具体的に季語“新樹”の例句を求めるには、先ず検索ボックスに“新樹”と入力する。
その後、ひらかなで“れいく”と入力する。この時、日本語変換候補に幾つかの語彙が表示されるが、その中から“575筆まか勢”を選択する。
この結果、検索ボックスには “新樹575筆まか勢”と表示される筈である。
この用語で検索すれば求めるサイトが表示される。

但し、上述の ひらかなの“れいく”と入力して“575筆まか勢”を選択する為には、事前に小細工をしておく必要がある。
即ち、ユーザーズ辞書を使って “れいく=575筆まか勢”を定義しておく必要がある。
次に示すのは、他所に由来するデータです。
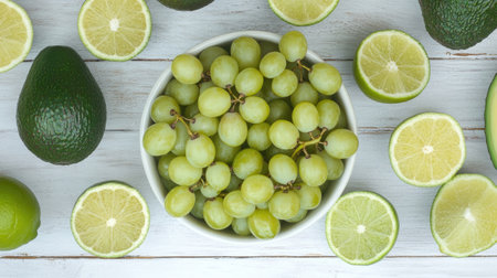 A top view of fresh green grapes in a white bowl surrounded by vibrant limes and avocados on a wooden surface, ideal for healthy lifestyle imagery.

以下はその指定方法。

ユーザーズ辞書定義

▼iPadの場合
設定>一般>キーボード>ユーザーズ辞書

単語 575筆まか勢
よみ れいく

▼kindleの場合
アプリ>設定>言語とキーボード>キーボードの設定>ユーザーズ辞書

読み れいく
表記 575筆まか勢

PCの場合も同様に「ユーザーズ辞書」機能を使い、前もって定義しておく。

春の季語から現在の当季季語までは既に表示可能である。
来年の三月末(2015年3月末)までに全季語について表示可能となる。